Le cardinal-archevêque de Naples, ancien responsable de l'immense patrimoine immobilier du Vatican, a clamé son innocence lundi face à des soupçons de corruption aggravée dans le cadre d'un vaste scandale qui a coûté son poste à un ministre du gouvernement Berlusconi.

«J'ai toujours agi dans la plus grande transparence», a déclaré à Naples le cardinal Crescienzo Sepe, à propos de sa gestion, de 2001 à 2006, de la Congrégation pour l'évangélisation des peuples, l'une des plus puissantes du Vatican.

Cet organe, autrefois appelé «Propaganda Fide», finance environ un tiers des missions catholiques, surtout en Afrique et Asie, grâce aux revenus générés par l'énorme patrimoine immobilier du Vatican, notamment à Rome, estimé à 9 milliards d'euros. Compte tenu de sa puissance, le préfet de la Congrégation, qui est toujours un cardinal, est surnommé le «pape rouge».

«J'ai toujours agi en ayant des bilans à chaque fois approuvés par la Secrétairerie d'État (le chef du gouvernement du Vatican, ndlr) qui à la fin de mon mandat m'avait envoyé une lettre exprimant son estime pour la gestion» des biens de Propaganda Fide, a continué le cardinal.

Celui-ci a présenté sa ligne de défense en lisant, à l'archevêché, une lettre adressée «aux citoyens» de Naples devant une foule de journalistes.

Le parquet de Pérouse l'a placé sous enquête samedi en même temps qu'un ancien ministre d'un des gouvernements Berlusconi, Pietro Lunardi, auquel Propaganda Fide, à l'époque dirigée par Mgr Sepe, aurait vendu un immeuble au quart de sa valeur réelle, en 2004.

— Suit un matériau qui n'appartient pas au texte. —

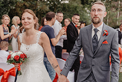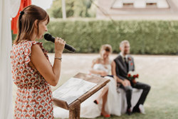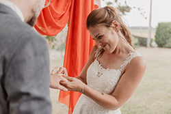 Sabrina et Manu ont choisi de faire une cérémonie laïque. Cela leur ressemblait beaucoup plus qu’une cérémonie religieuse. Alors nous avons préparé cela pendant quelques mois, afin de leur permettre d’avoir un magnifique moment.

Selon les médias italiens, en échange de ce tarif très favorable, Propaganda Fide aurait obtenu des subventions publiques de 2,5 millions d'euros pour des travaux qui n'auraient pas été réalisés.

De son côté, M. Lunardi aurait confié la rénovation de son immeuble à Diego Anemone, un sulfureux constructeur romain, qui se trouve à l'épicentre d'une vaste affaire de marchés publics attribués illégalement, dont les infrastructures du G8 organisé par l'Italie en 2008.

Un pan de ce scandale a coûté son poste au ministre du Développement économique Claudio Scajola et un autre touche le chef de la protection civile Guido Bertolaso. M. Bertolaso, un protégé de Silvio Berlusconi, aurait bénéficié d'un appartement par l'entremise du cardinal Sepe.

L'avocat du cardinal, Bruno Von Arx, a affirmé qu'il n'y avait «rien de pénalement significatif» à reprocher à Mgr Sepe.

En dépit du concordat entre le Vatican et l'Italie, qui lui accorde des droits particuliers, le cardinal Sepe, également protégé par un passeport diplomatique, s'est dit disposé à «s'expliquer» devant les magistrats.

L'audition aura lieu «si possible dès cette semaine», selon son avocat, mais «dans un lieu neutre», en vertu du statut de Mgr Sepe, et donc ni à Naples ni à Pérouse.

Dès dimanche, le porte-parole du Vatican, le père Federico Lombardi, a insisté sur la position particulière du cardinal en demandant de «tenir compte des aspects de procédure et profils juridictionnels liés» au concordat.

Mais, même s'il a exprimé l'«estime» et «la solidarité» du Vatican avec le prélat, le porte-parole a réclamé une «clarification rapide» afin «d'éliminer toute ombre pesant sur» Mgr Pepe et «les institutions de l'Eglise».

Selon les médias italiens, le Vatican est très inquiet des répercussions de l'affaire sur l'image de l'ex-Propaganda Fide, dont le patrimoine est aussi le fruit de siècles de donations.

Mgr Sepe est un prélat très médiatique qui sert lui-même en tablier le repas de Noël des déshérités. Le pape Jean-Paul II lui avait confié l'organisation des grandioses festivités du Jubilé de l'an 2000 puis la prestigieuse direction de Propaganda Fide.

Le courant passe moins bien, selon les médias, avec l'austère pape Benoît XVI qui l'a remplacé en 2006 à la tête de la Congrégation par un cardinal indien, Ivan Dias, dépourvu d'amitiés «romaines».